Manikandan A, Vijaya J Judith, Narayanan S, Kennedy L John
J Nanosci Nanotechnol. 2014 Mar;14(3):2507-14. doi: 10.1166/jnn.2014.8499.
Dye-sensitized solar cells (DSSCs) based on ZnO nanostructures with two different morphologies, such as nanowires (ZNWs) and nanoparticles (ZNPs), were synthesized by microwave combustion (MCM) and conventional combustion (CCM) method. The obtained ZnO nanostructures were characterized by X-ray diffraction (XRD), high resolution scanning electron microscopy (HR-SEM), high resolution transmission electron microscopy (HR-TEM), energy dispersive X-ray analysis (EDX), diffuse reflectance (DRS) and photoluminescence (PL) spectroscopy.

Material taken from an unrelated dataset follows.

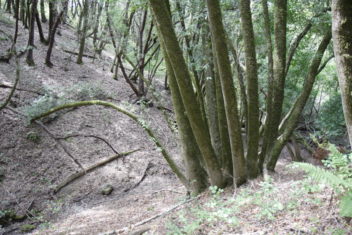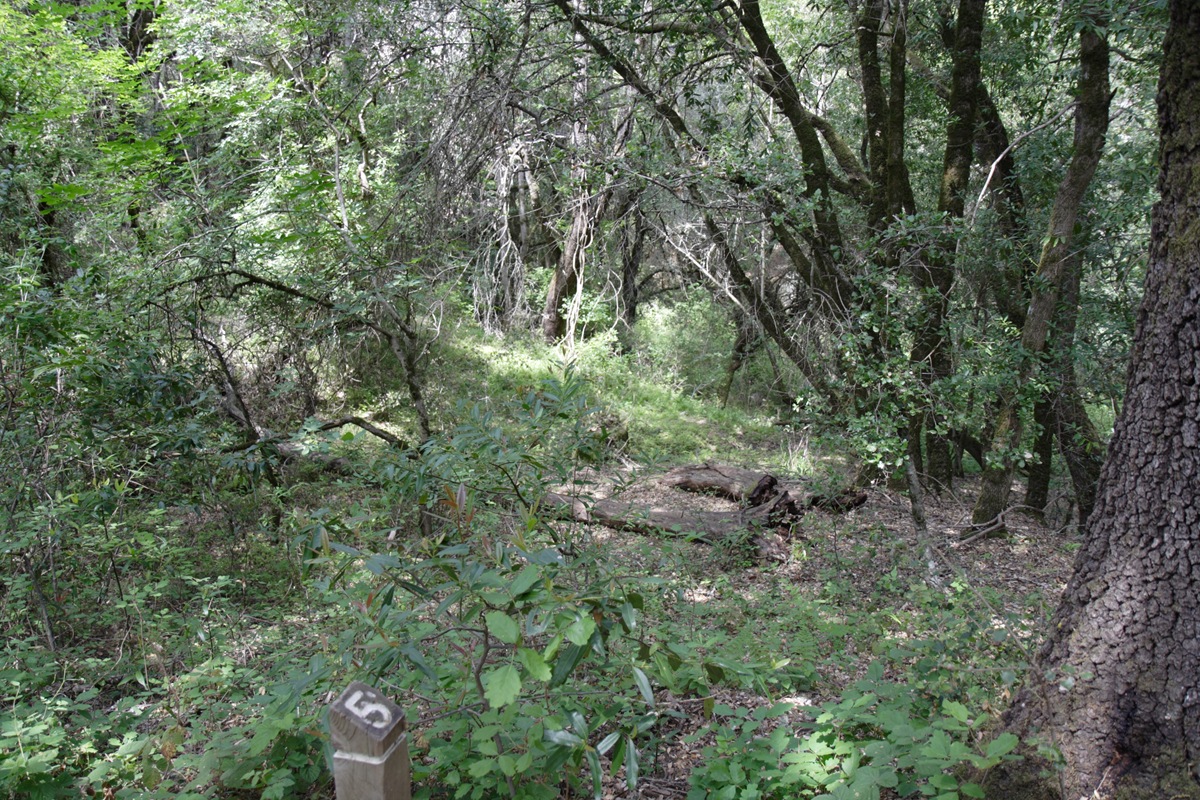 このSan Andreas Fault Trailにはいくつか見どころポイントのところに番号の杭が打たれている。入口のところにある、地図とともに、解説文があるので、合わせて読むと楽しい。ここは、地すべりのポイント。

The XRD results confirmed the formation of hexagonal wurtzite ZnO. The crystallite size of the ZnO nanostructures was calculated using Sherrer's formula. The formation of ZNWs and ZNPs was confirmed by HR-SEM and HR-TEM. The optical absorption and PL emissions were determined by DRS and PL spectra respectively. ZnO nanostructures with band gap energies of 3.36 eV (MCM) and 3.25 eV (CCM) were obtained. The dye-sensitized ZnO nanowire arrays exhibit much stronger optical absorption as compared with ZnO nanoparticle arrays, suggesting that the larger surface area improves light harvesting. The dye-sensitized solar cell based on the optimized ZnO nanowires array reaches a conversion efficiency of 1.73%, which is higher than that obtained from ZnO nanoparticles (0.69%) under the light radiation of 1000 W/m2. As-prepared ZNWs have potential applications in fabricating next generation nanodevices.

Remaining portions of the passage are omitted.